- Exercise
Without including any pictures, copy every line below exactly.

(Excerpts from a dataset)

------------

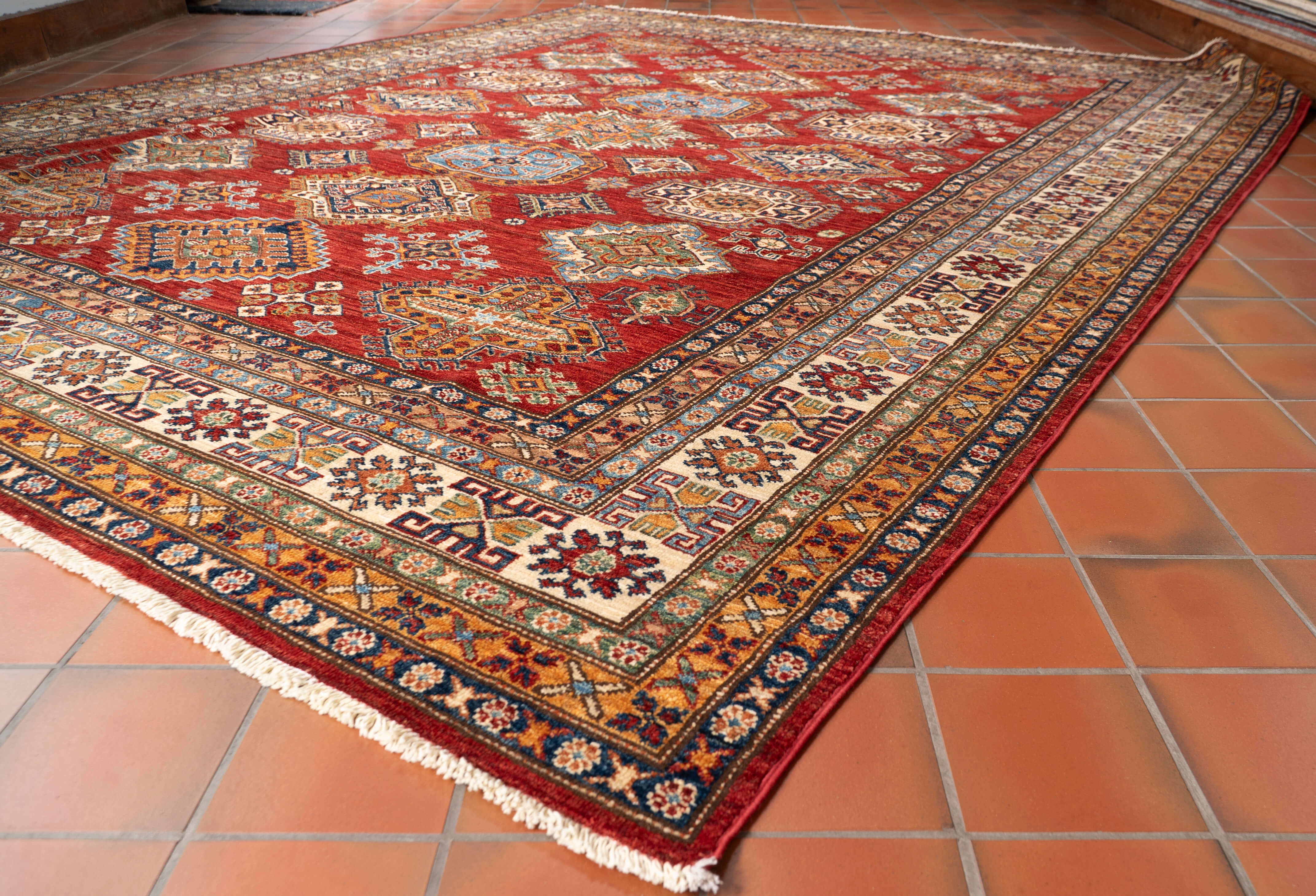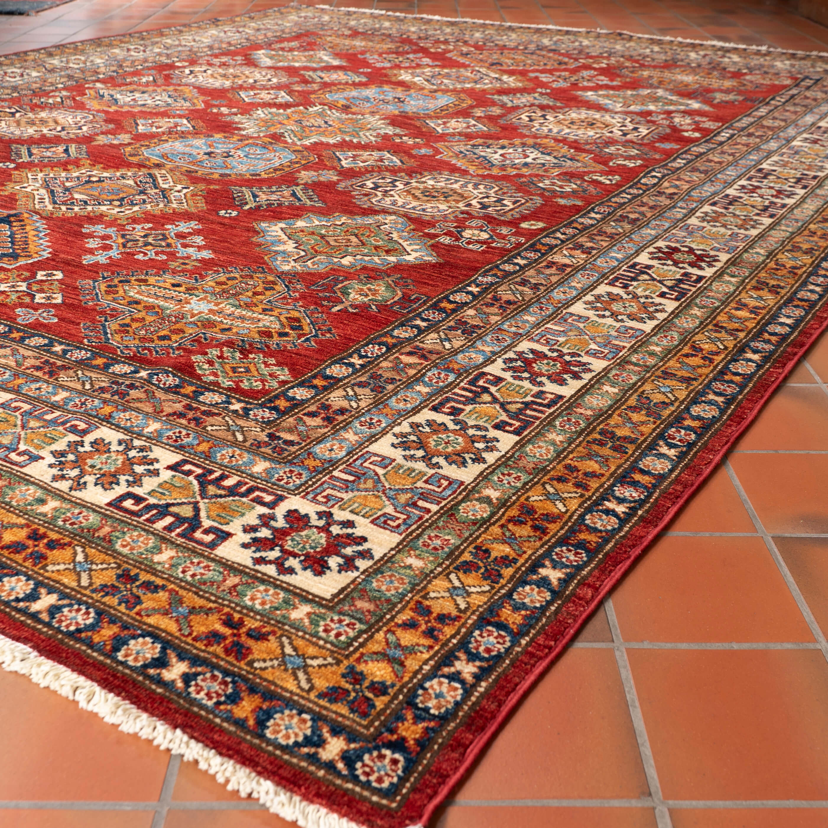 Although Kazaks are hand-knotted in Afghanistan, the design originates from the Caucasus. The short pile emphasises the pattern's sharpness. Each piece is made from high-quality Afghan wool, typically spun in Ghazni. Afghan wool is generally slightly coarser and curlier than other wools, making it perfect for carpet weaving. Afghan Kazak carpets are traditionally made with bold geometric designs in intense, vibrant colours such as rich reds, warm terracottas, and shades of blues with soft golds and creams.
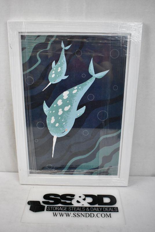 Wynwood Studio Narwhals Animals Framed Wall Art Print - Blue, White
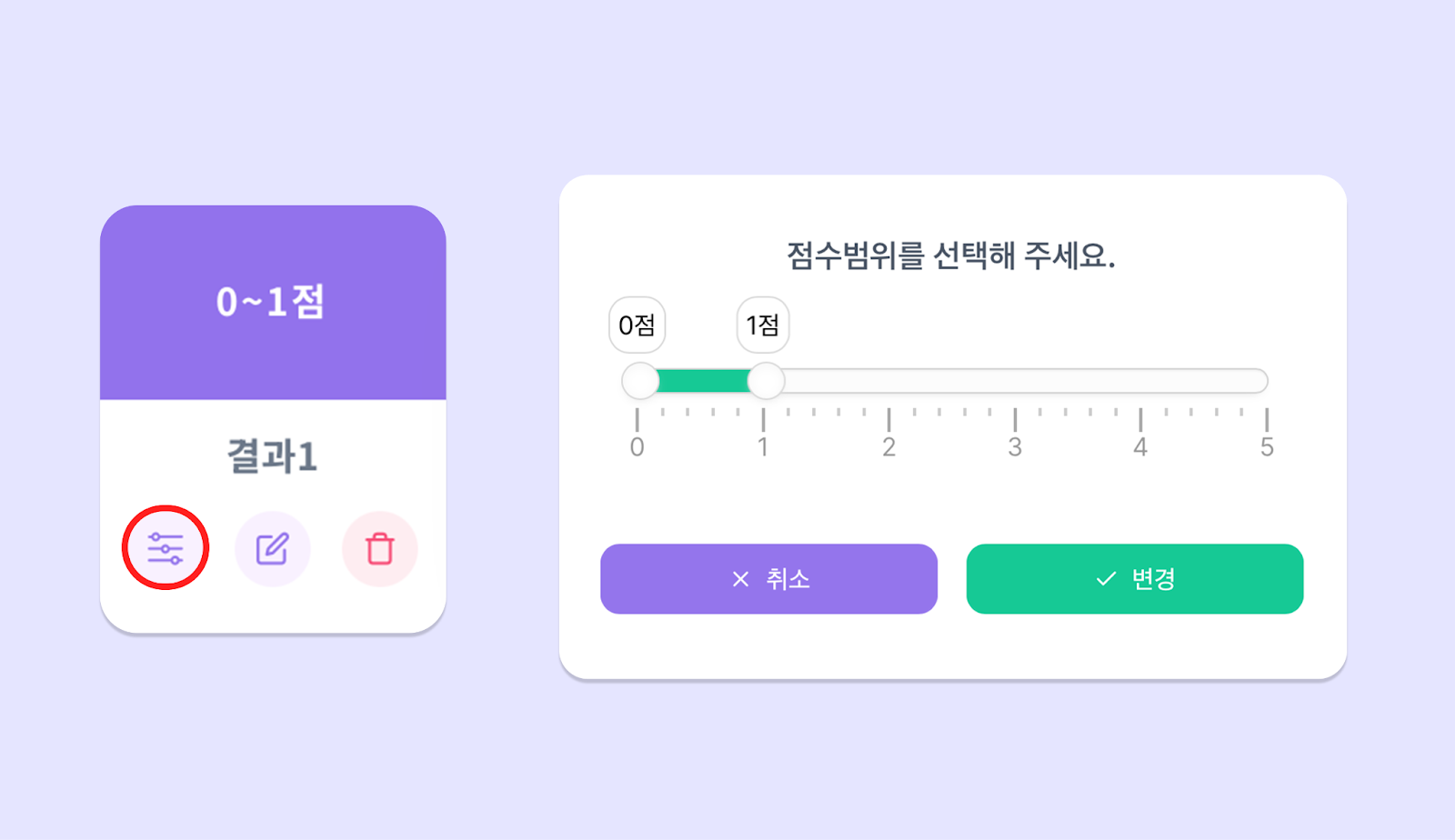 이후 각 카드의 가장 좌측 [점수 범위 변경] 버튼을 눌러, 기획하신 대로 점수 범위를 조정해 주세요!
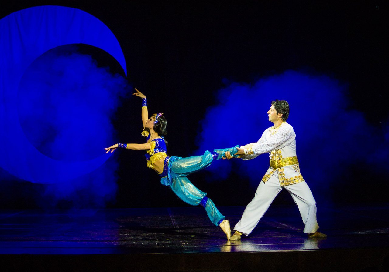 Жемчужина арабского Востока — веселая и поучительная «Сказка об Аладдине и волшебной лампе» из сборника «Сказок тысячи и одной ночи» — позволила создать увлекательный балет с калейдоскопом ярких костюмов, танцами и неподражаемыми восточными музыкальными мотивами.
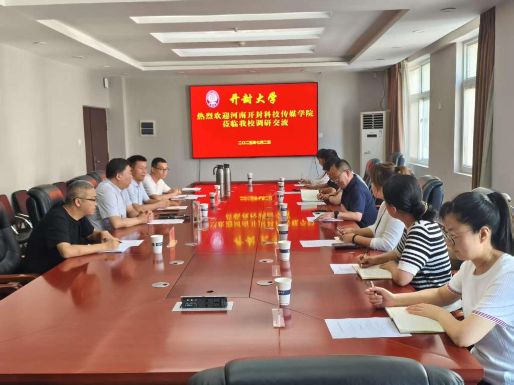 本站讯 7月2日下午,河南开封科技传媒学院副校长贡振国一行6人到访我校,就高校餐厅集采招采与经营管理工作进行调研交流。副校长院继恒参加座谈并讲话。
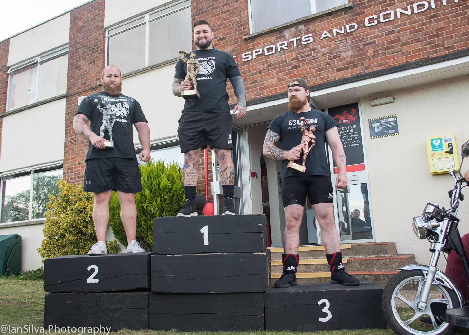 The whole day was a great spectacle, spread over the entire length and breadth of Rhinos carpark some 80 metres in length. With the events finishing at 5pm proceedings moved from the main carpark to the podium at the front of the gym, where the athletes received medals and fantastic trophies from the legendary Geoff Capes.
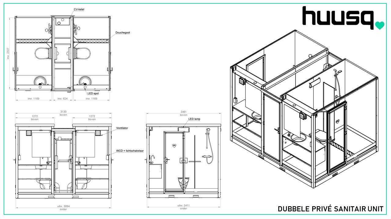 Een dubbele sanitair unit deelt de afsluitbare technische ruimte en bevat een boiler of CV-ketel en 2 reservoirs voor de toiletten en een aansluiting op water, elektriciteit en/of gas. Indien gewenst kan elke Huusq unit door u worden aangesloten op een (bestaand) elektriciteitsnet- en/of gasleiding.
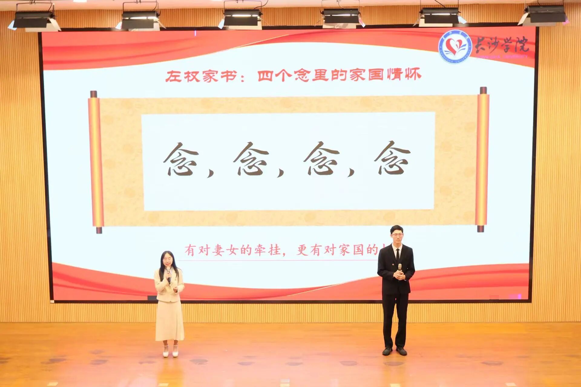 宣讲台上,青春之声铿锵有力。来自马克思主义学院的蔡慈晔小组以一支见证千年文脉的岳麓书院毛笔为独特叙事视角,描绘了新时代青年扎根基层、投身志愿服务,在文脉传承中践行爱国初心的青春答卷;马栏山新媒体学院陈柄宇小组采用跨时空对话形式,情景演绎第28届中国青年五四奖章获得者朱霞与李贞将军跨越时空的相遇,深情诠释长征精神的当代传承,展现湘女扎根基层、实干为民的红色接力与青春责任;学生组织推荐的陈映妤小组从湘西 “背篓专线” 慢火车与乡土民俗切入,在高铁 “中国速度” 与慢车 “民生温度” 的鲜明对比中,深刻彰显国家发展快慢同行、枝叶关情的民生初心与大国担当。

------------

- Exercise response
 Although Kazaks are hand-knotted in Afghanistan, the design originates from the Caucasus. The short pile emphasises the pattern's sharpness. Each piece is made from high-quality Afghan wool, typically spun in Ghazni. Afghan wool is generally slightly coarser and curlier than other wools, making it perfect for carpet weaving. Afghan Kazak carpets are traditionally made with bold geometric designs in intense, vibrant colours such as rich reds, warm terracottas, and shades of blues with soft golds and creams.
 Wynwood Studio Narwhals Animals Framed Wall Art Print - Blue, White
 이후 각 카드의 가장 좌측 [점수 범위 변경] 버튼을 눌러, 기획하신 대로 점수 범위를 조정해 주세요!
 Жемчужина арабского Востока — веселая и поучительная «Сказка об Аладдине и волшебной лампе» из сборника «Сказок тысячи и одной ночи» — позволила создать увлекательный балет с калейдоскопом ярких костюмов, танцами и неподражаемыми восточными музыкальными мотивами.
 本站讯 7月2日下午,河南开封科技传媒学院副校长贡振国一行6人到访我校,就高校餐厅集采招采与经营管理工作进行调研交流。副校长院继恒参加座谈并讲话。
 The whole day was a great spectacle, spread over the entire length and breadth of Rhinos carpark some 80 metres in length. With the events finishing at 5pm proceedings moved from the main carpark to the podium at the front of the gym, where the athletes received medals and fantastic trophies from the legendary Geoff Capes.
 Een dubbele sanitair unit deelt de afsluitbare technische ruimte en bevat een boiler of CV-ketel en 2 reservoirs voor de toiletten en een aansluiting op water, elektriciteit en/of gas. Indien gewenst kan elke Huusq unit door u worden aangesloten op een (bestaand) elektriciteitsnet- en/of gasleiding.
 宣讲台上,青春之声铿锵有力。来自马克思主义学院的蔡慈晔小组以一支见证千年文脉的岳麓书院毛笔为独特叙事视角,描绘了新时代青年扎根基层、投身志愿服务,在文脉传承中践行爱国初心的青春答卷;马栏山新媒体学院陈柄宇小组采用跨时空对话形式,情景演绎第28届中国青年五四奖章获得者朱霞与李贞将军跨越时空的相遇,深情诠释长征精神的当代传承,展现湘女扎根基层、实干为民的红色接力与青春责任;学生组织推荐的陈映妤小组从湘西 “背篓专线” 慢火车与乡土民俗切入,在高铁 “中国速度” 与慢车 “民生温度” 的鲜明对比中,深刻彰显国家发展快慢同行、枝叶关情的民生初心与大国担当。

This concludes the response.